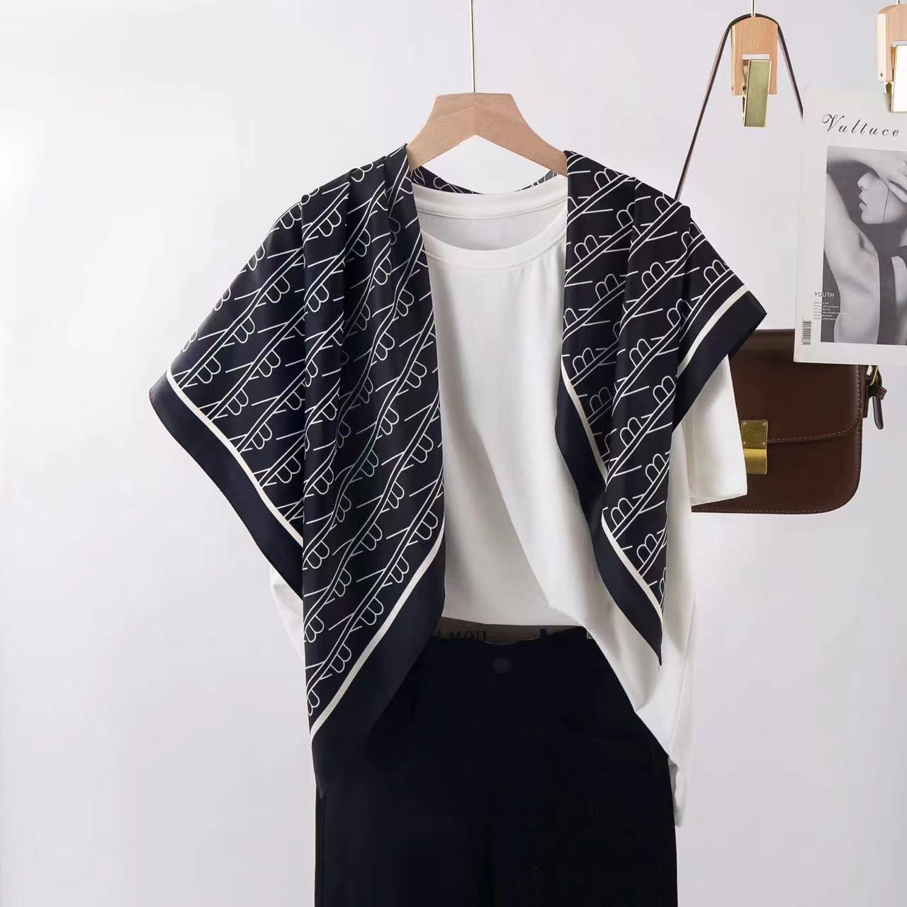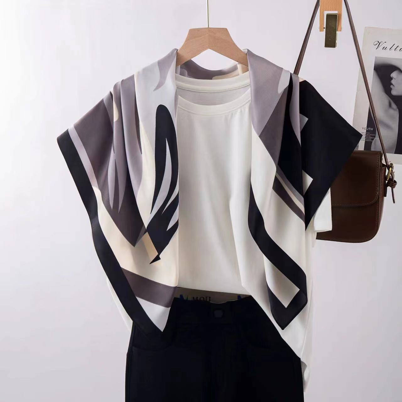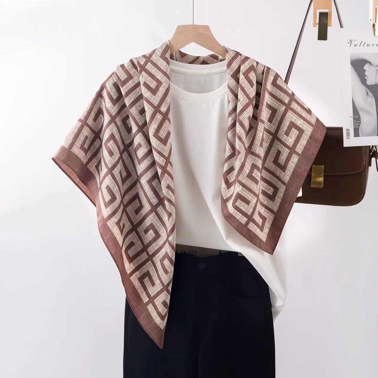 프린트 능직 90cm 정사각형 스카프 시뮬레이션 실크 스카프 일본과 한국 대외 무역 대형 사각형 스카프 인터넷 연예인 유행 다기능 숄 스카프스토어 가기
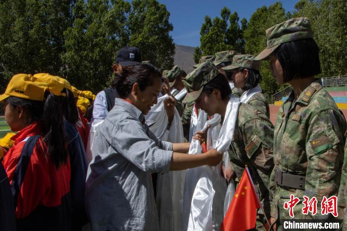 圖為該小學(xué)老師為女兵獻(xiàn)上哈達(dá)表示感謝。 朱政 攝
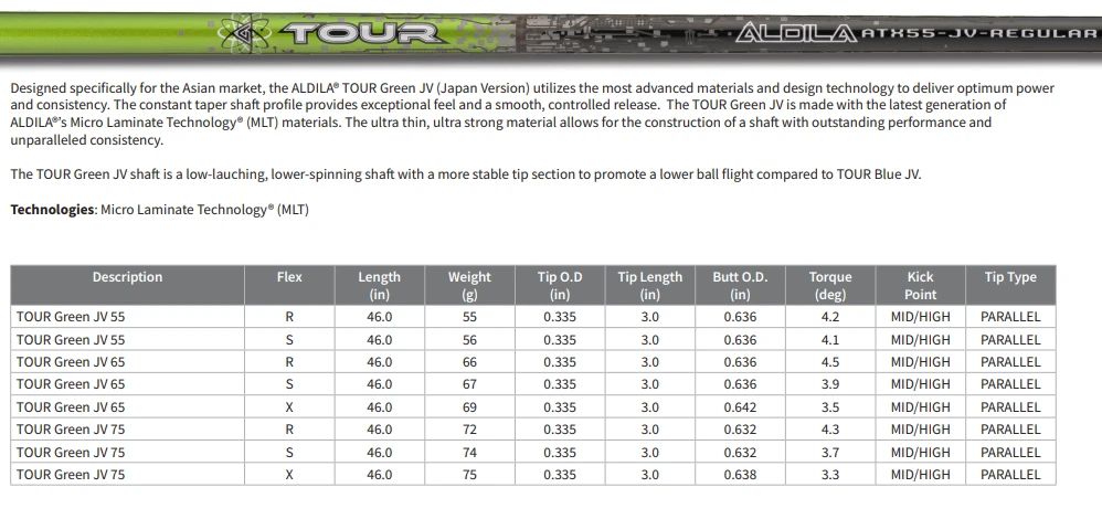 Aldila Tour Green JV Graphite Shaft w/ Adapter and Grip
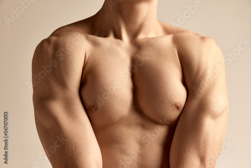 Relief body shape. Cropped image of strong, relief, muscular male breast and hands over grey studio background. Masculinity. Concept of men's health and beauty, body and skin care, fitness. Body art
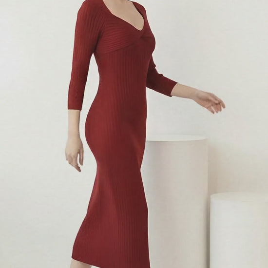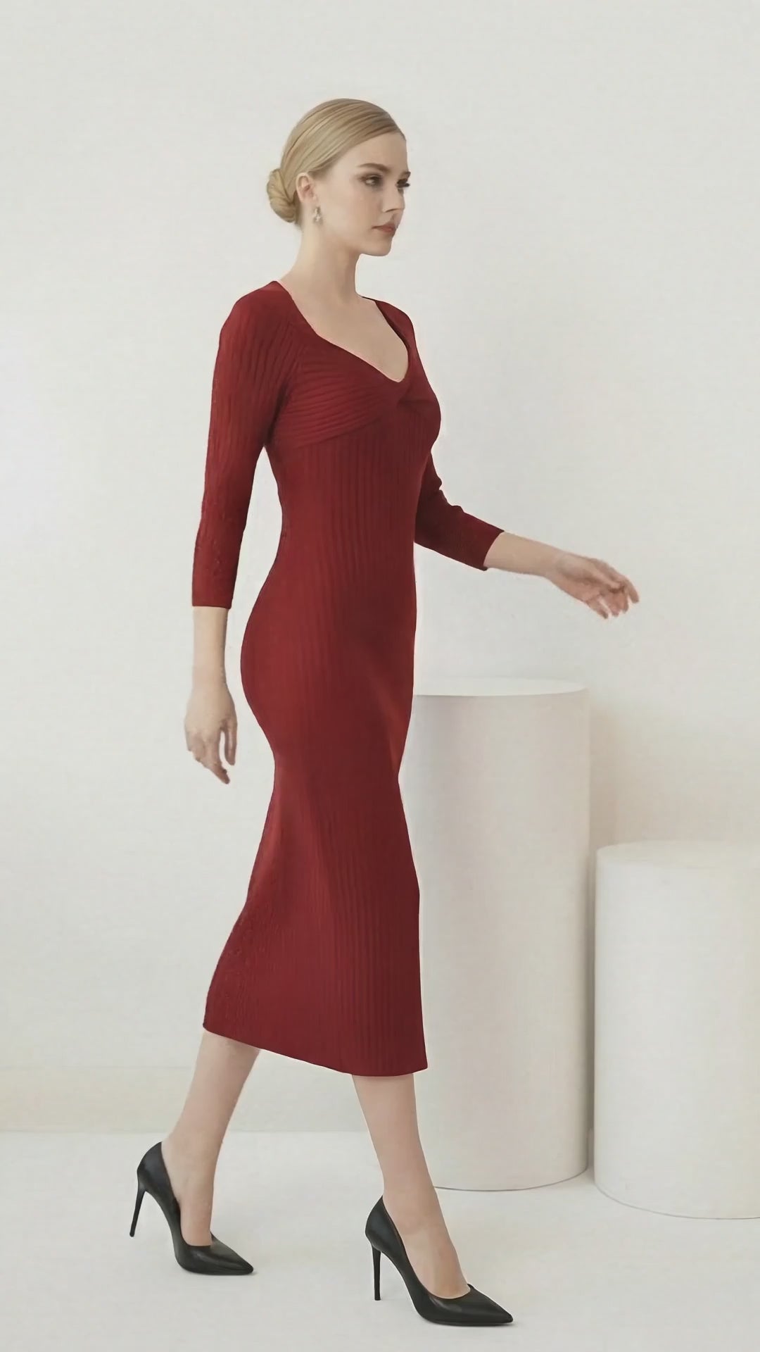 Sleek, feminine, and effortlessly sophisticated — this Twist-Front Ribbed Knit Midi Dress is designed to flatter every curve. The soft ribbed knit fabric offers a comfortable, body-hugging fit that stretches beautifully while maintaining its shape. A chic twist-front neckline adds a touch of detail that enhances the bust and creates a sculpted, elegant silhouette.
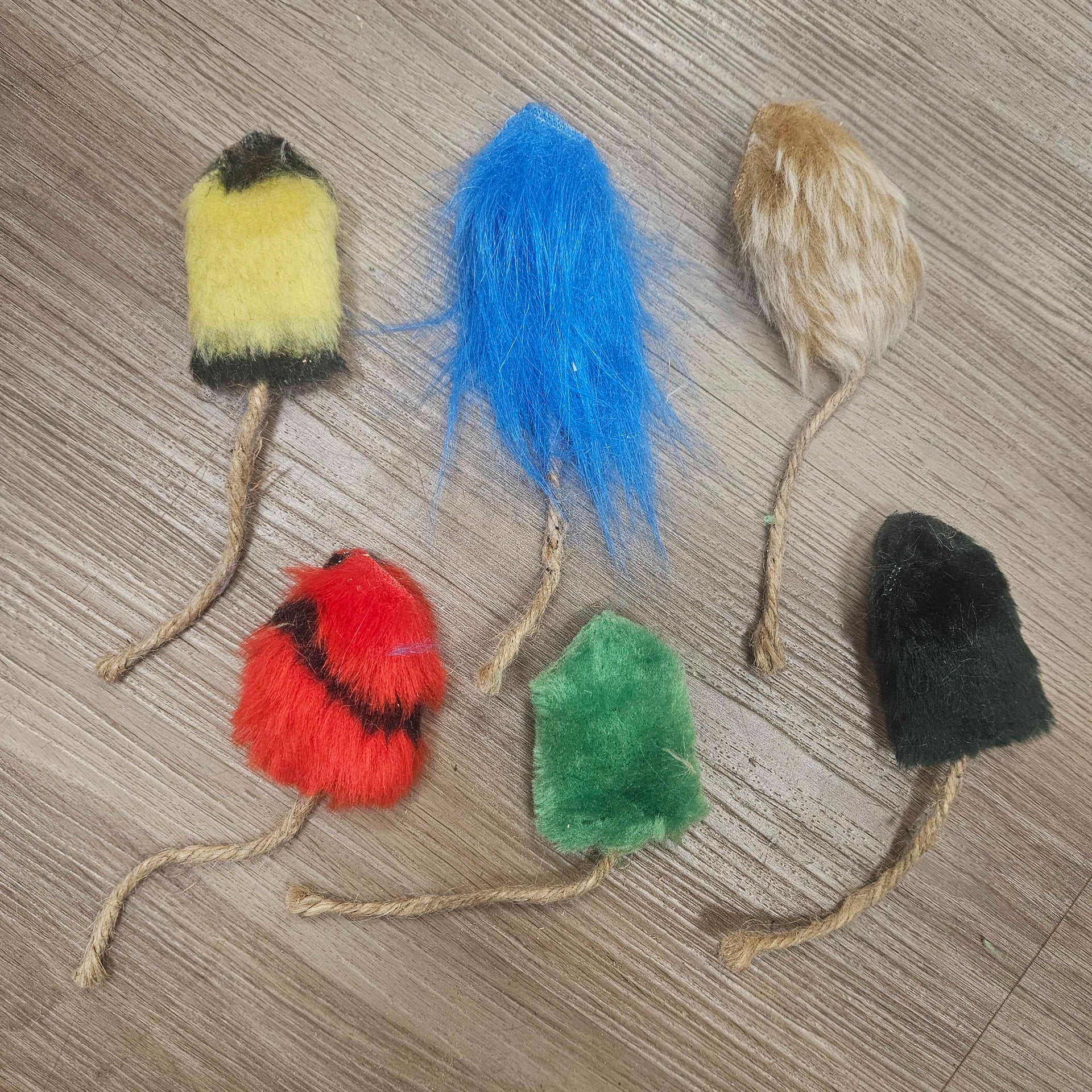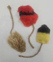 Locally handmade toys stitched into the shape of adorable little mice and crafted from a soft, fuzzy material your kitty will love to sink their paws into. Each mouse is generously stuffed with fragrant honeysuckle wood that cats can’t resist. The natural scent drives kitties wild with excitement. They're perfect for batting, pouncing, and snuggling.
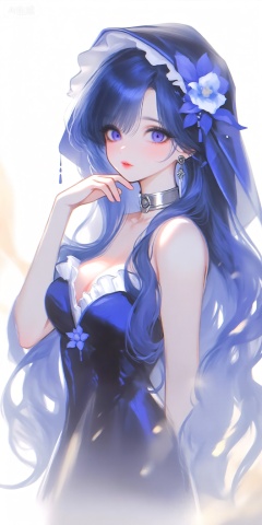 a digital illustration shoot from a portrait camera angle about a portrait of a young woman with long, flowing blue hair wearing a dark blue and white dress with a hood, adorned with a flower, the image also shows a soft, ethereal atmosphere with a focus on the subjects delicate features and elegant attire, on the middle of the image, a 1woman, who appears to be in her early twenties, with a fair complexion and blue eyes, is standing with her hand on her chin, looking directly at the viewer with a serene expression, she has long, wavy, dark blue hair that falls down her back, and her hair is styled in a way that frames her face, her eyes are a deep purple color, and she is wearing a black dress with white ruffles and a plunging neckline, revealing her cleavage, she is also wearing a silver choker and earrings, adding to her elegant and sophisticated look, the background is blurred, with soft, warm lighting that highlights her features and creates a sense of depth and dimension,

- - - - -

*Action item:* Print every entry exactly; omit the pictures.

*Response for this exercise:*
 프린트 능직 90cm 정사각형 스카프 시뮬레이션 실크 스카프 일본과 한국 대외 무역 대형 사각형 스카프 인터넷 연예인 유행 다기능 숄 스카프스토어 가기
 圖為該小學(xué)老師為女兵獻(xiàn)上哈達(dá)表示感謝。 朱政 攝
 Aldila Tour Green JV Graphite Shaft w/ Adapter and Grip
 Relief body shape. Cropped image of strong, relief, muscular male breast and hands over grey studio background. Masculinity. Concept of men's health and beauty, body and skin care, fitness. Body art
 Sleek, feminine, and effortlessly sophisticated — this Twist-Front Ribbed Knit Midi Dress is designed to flatter every curve. The soft ribbed knit fabric offers a comfortable, body-hugging fit that stretches beautifully while maintaining its shape. A chic twist-front neckline adds a touch of detail that enhances the bust and creates a sculpted, elegant silhouette.
 Locally handmade toys stitched into the shape of adorable little mice and crafted from a soft, fuzzy material your kitty will love to sink their paws into. Each mouse is generously stuffed with fragrant honeysuckle wood that cats can’t resist. The natural scent drives kitties wild with excitement. They're perfect for batting, pouncing, and snuggling.
 a digital illustration shoot from a portrait camera angle about a portrait of a young woman with long, flowing blue hair wearing a dark blue and white dress with a hood, adorned with a flower, the image also shows a soft, ethereal atmosphere with a focus on the subjects delicate features and elegant attire, on the middle of the image, a 1woman, who appears to be in her early twenties, with a fair complexion and blue eyes, is standing with her hand on her chin, looking directly at the viewer with a serene expression, she has long, wavy, dark blue hair that falls down her back, and her hair is styled in a way that frames her face, her eyes are a deep purple color, and she is wearing a black dress with white ruffles and a plunging neckline, revealing her cleavage, she is also wearing a silver choker and earrings, adding to her elegant and sophisticated look, the background is blurred, with soft, warm lighting that highlights her features and creates a sense of depth and dimension,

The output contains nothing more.